Can we start?

Good morning everybody.

We are currently in the chapter on image reconstruction.

In particular, we are considering computed tomography principles abbreviated by CT.

This is a very important technique that allows us to do 3D reconstructions from X-ray images.

In terms of the storyline of this lecture, so far we considered pre-processing algorithms.

What can we do with single images to enhance their appearance?

Then we take multiple images and try to do a reconstruction from multiple images.

That's where we are currently.

The core of the computed tomography reconstruction algorithms is Bayer's law.

Bayer's law is not associated with alcoholic beverages at all.

That's the name of the guy who did that.

Bayer's law tells us that the observed intensity at a certain pixel is the original intensity that we observe at the X-ray tube.

We have an exponential decay fxy and we integrate over a line dl.

This can be reformulated as logarithm I divided by I0 minus integral fxy dl.

That means for each pixel in the image we get a line integral through the function.

What type of picture do we have in mind?

If this is our xy space, if this is our object where each point here is an intensity value at position x and y.

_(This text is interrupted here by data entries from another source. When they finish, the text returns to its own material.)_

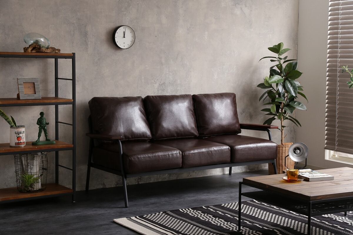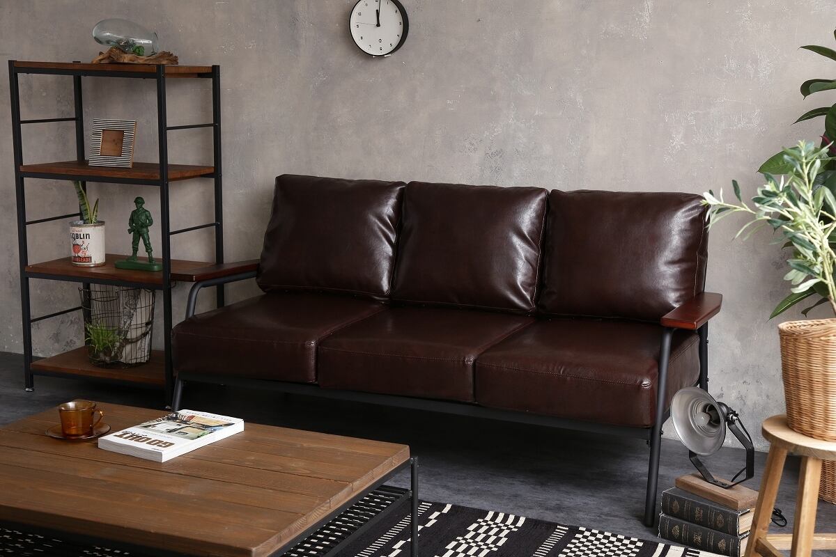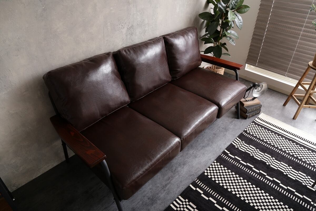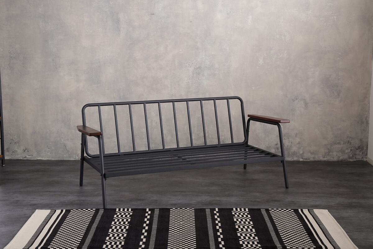 ブラックスチールのフレームと天然木の肘置きを組み合わせたヴィンテージ感あふれる大人な雰囲気の『Basquiat』3人掛けソファ。
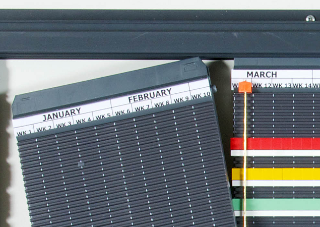 Double tracked wall rail set for use with the 60, 120, 180 planning line depth systems. Rear track holds modular planning system with front track accomodating sliding index panels
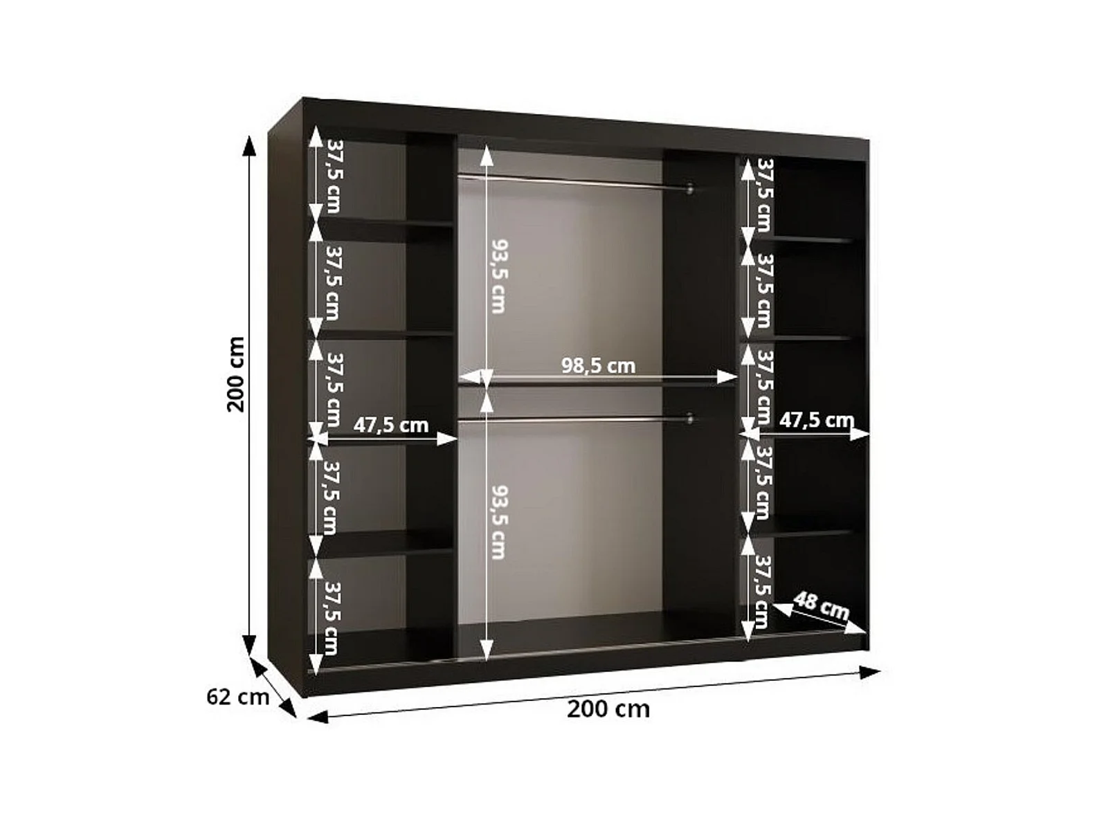 Schwebetürenschrank Jodełka 1 200/200/62 2-Türig (Schwarz/Artisan)
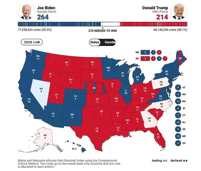 截止目前:计票出来的选举人票拜登238,特朗普213,谁先到270谁将成为美国总统。
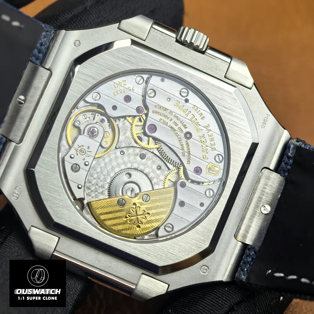 Under the hood the clone uses a Swiss-clone caliber analogous to Patek’s new ultra-thin 240 PS CI J LU movement. This automatic movement has 22K-gold mini-rotor winding and powers all calendar functions. It drives the instantaneous date jump, the hand-adjusted weekday indicator, and the moon-phase display. (The genuine watch required six patents for these mechanisms.) Like the original, the movement delivers a long power reserve – around 48 hours at full wind – so you won’t need daily winding. In short, this clone matches the real Patek’s renowned precision and reliability, even bearing the distinctive finish details of a Patek-grade movement.
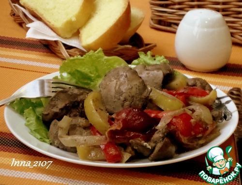 Предлагаю приготовить тушеную куриную печень с яблоками и сливой. В этом рецепте, на мой взгляд, удачно сочетается печень с фруктами и овощами.
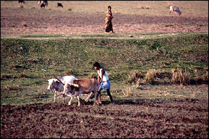 காவேரிக்கரைக் கழனியில் உழவு வேலை செய்யும் தொழிலாளி,
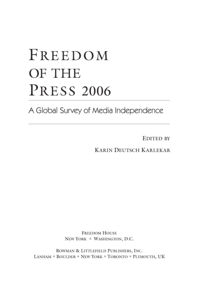 New York; Lanham: Freedom House; Rowman & Littlefield (2006), 272 pp.
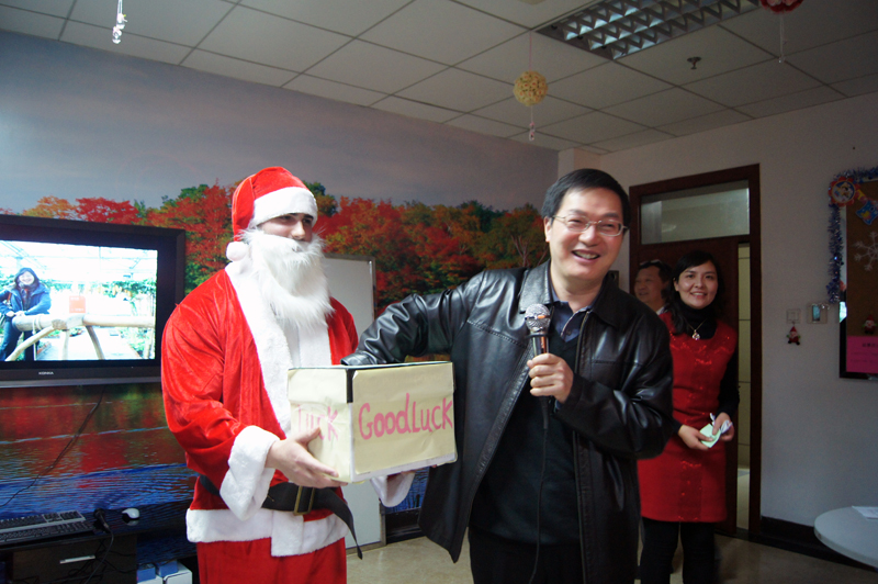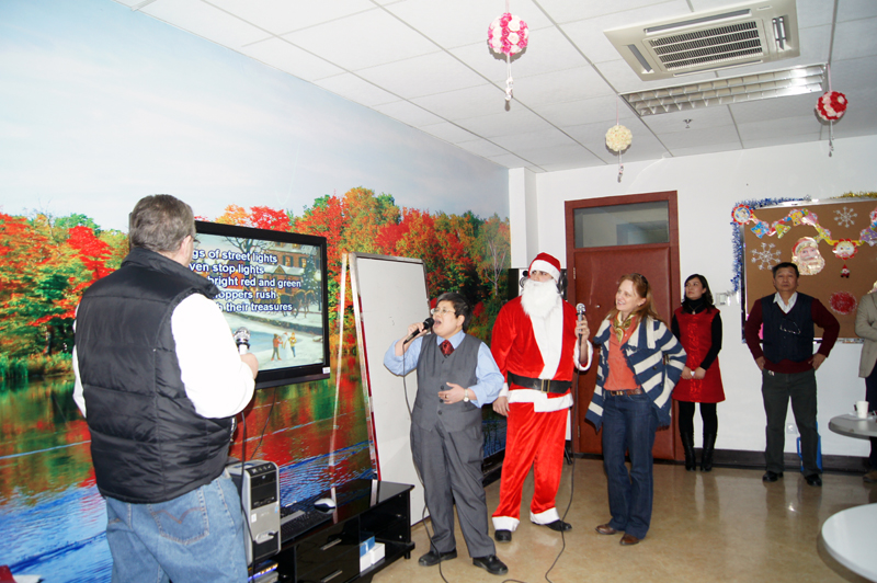 當主持人宣布,聯歡會第一個節目就是合唱《沒有共產黨就沒有新中國》時,張德玉同志、李朝鮮同志和老師們一起高唱紅歌,重溫慶祝建黨90周年歌詠的比賽盛況。之后,老師們演出了豐富多彩、形式多樣的文藝節目。外籍教師Shelley、Jon、Michael、Throne也載歌載舞、興高采烈地參加了聯歡活動。整個會場氣氛熱烈,高潮迭起。老師們既放飛了心情,又增進了友誼和團結。最后,大家同唱《難忘今宵》,在歌聲中聯歡會進入尾聲。
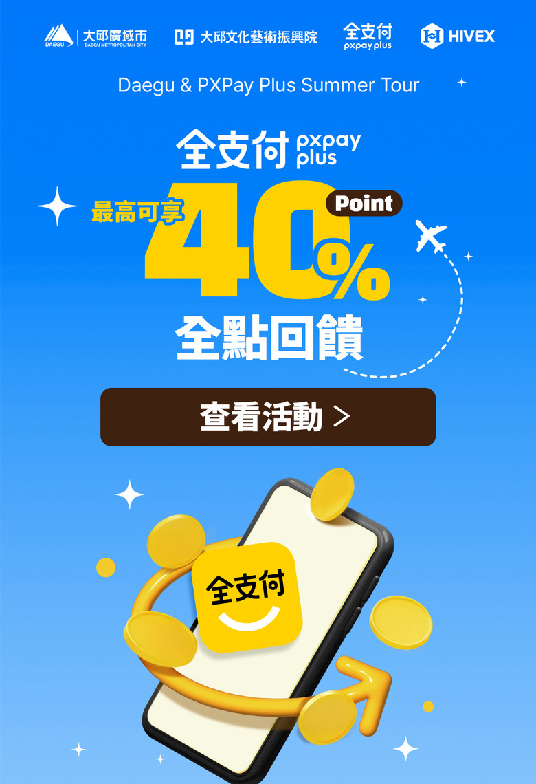 또한 대구시와 문예진흥원이 직접 인증한 외국인 친화형 필수 방문지인 ‘대구여행상점’ 15개소에서 PXPay Plus로 결제하고 내역을 인증하면 다이소 기프트카드(1만 원권)도 받을 수 있어 여행 만족도를 더욱 높일 전망이다.
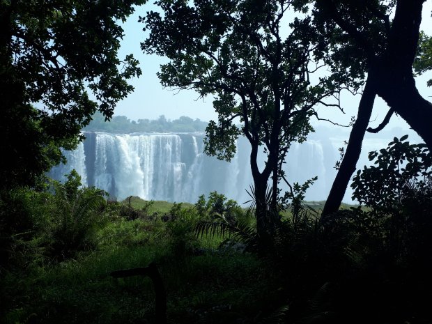 De Victoriawatervallen, oftewel Vic falls liggen niet ver van onze eerste stop in Botswana, net over de grens in Zambia en Zimbabwe.
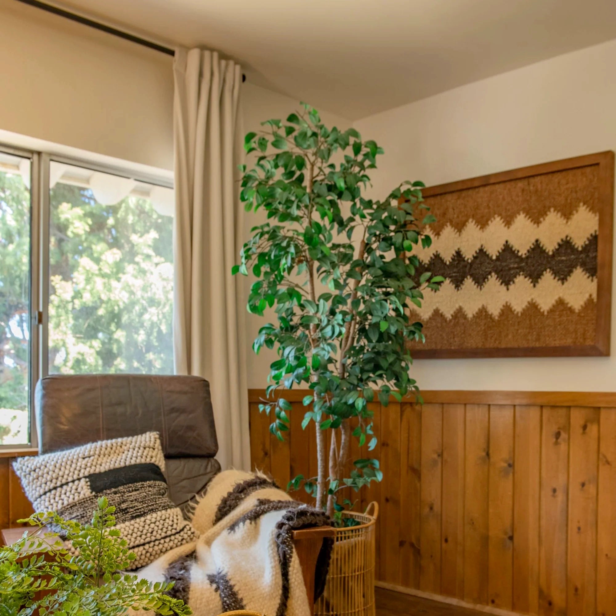 As a focal piece, display it above a console, headboard, or fireplace to highlight its balanced geometry and organic texture. The cedar frame’s natural tone complements light or dark walls, adding warmth to neutral wall decor.
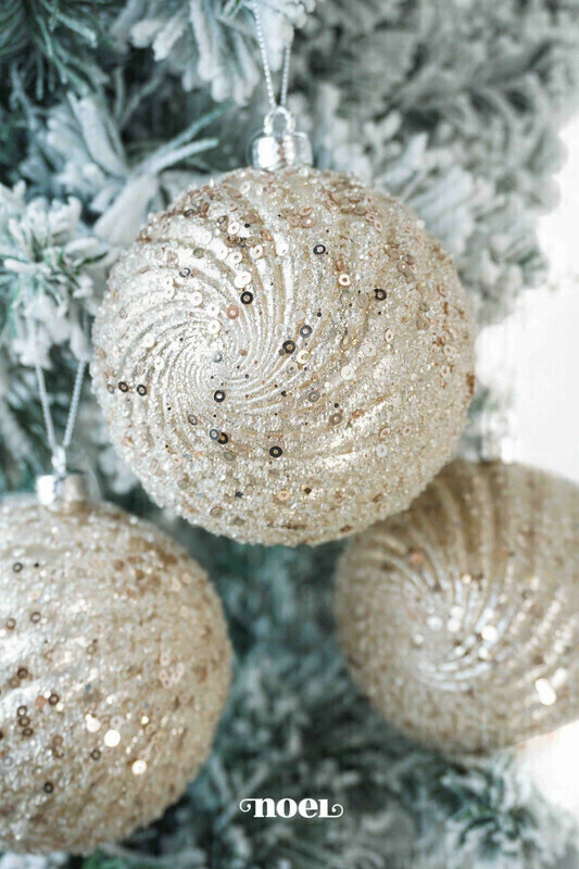 Descrição geral: Kit de 03 bolas decoradas de Natal na cor champagne. Texturizada com paetês dourado. Confeccionadas em polipropileno, são leves e duráveis. Cada bola acompanha um cordão para pendurar, facilitando o uso imediato na montagem. Cada peça tem 10cm. Uma decoração natalina completa começa pelas bolas! Elas são a base de qualquer composição e garantem charme, tradição e beleza à sua festa. Símbolo clássico do Natal, as bolas decorativas são indispensáveis na montagem da árvore e na composição de ambientes festivos. Representando união, alegria e proteção, elas trazem cor, brilho e movimento à decoração, além de despertar memórias afetivas ligadas às festas de fim de ano. Essenciais para transformar qualquer espaço com espírito natalino
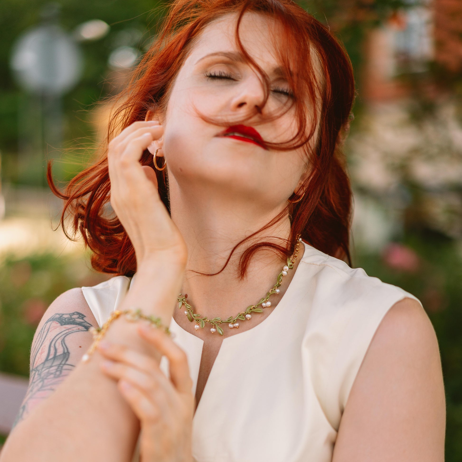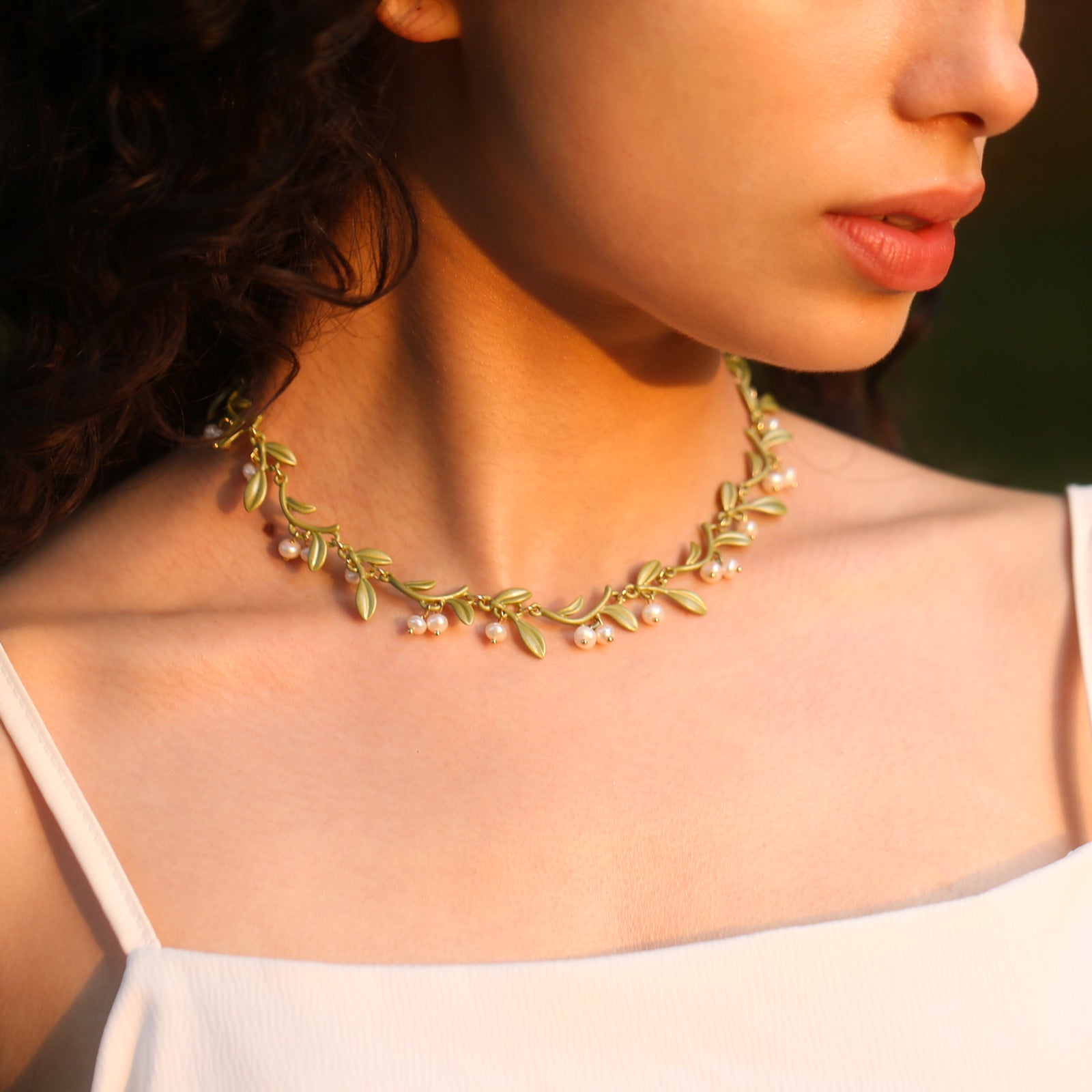 Adorn yourself with the enchanting beauty of our Lily of the Valley Necklace, a piece that captures the delicate charm and profound symbolism of this beloved flower. This exquisite necklace features a garland of verdant leaves and dainty blossoms, each leaf delicately enameled in a soft green hue. Interspersed among the leaves are lustrous pearls, symbolizing purity and new beginnings, which are set in a luxurious 18K gold on brass base, adding a touch of timeless elegance. Perfect for both casual and formal occasions, this necklace adds a sophisticated charm to any ensemble.

If we consider the measurement, for instance our detector is at this place, then we measure here I.

We have here our x-ray tube I0 and then the energy, the original energy is reduced to energy I by this integral here.

That's the X-ray attenuation law for a single pixel.

Now let's continue.

Let's call this integral value here P.

P is the line integral over the two-dimensional function along a line.

Again we have P is integral fxy dl along a line.

On Thursday we have introduced Dirac's delta function that has the value 1 if the argument is 0 and 0 if any other value is used as an argument.

We can rewrite this as a double integral fxy delta.

Now we say that we consider only those points that sit on the line going through the origin.

Now we look at these projection lines here where this is the angle theta, this here is the distance 1, this here is length 1, this here is the sine theta, this is the cosine theta.

A point sits on the line that is defined by let's say this is, let me draw it again in a better way.

This is the projection line and this is the normal vector.

The normal vector we consider at the rotation angle theta.

You have the rotation angle theta and here you have your sine theta and your cosine theta here.

It's clear that a point sits on the straight line if x times cosine theta sine theta is 0.

It sits on this original line.

We can write here cosine theta plus y sine theta.

If the point xy sits on the straight line given by this normal vector going through the origin, then here we have a 0.

If this is 0, then we have the delta function at point 0.

The delta function at point 0 is 1, so we consider this function value.

For all the other points where this is not sitting on the straight line, this vector is 0.

That tells us if we integrate fx times the Dirac delta over all x and y values, we end up with a line integral.

That's the trick in this here.

We end up with a line integral.

If we look at P of S or at the projection point at detector element S, this extends to fxy delta x cosine theta plus y sine theta minus S.

Here we are.

This is dx dy.

That's the projection line.

That's the projection.

We always have to be clear about this.

This is the rotation angle of the detector element.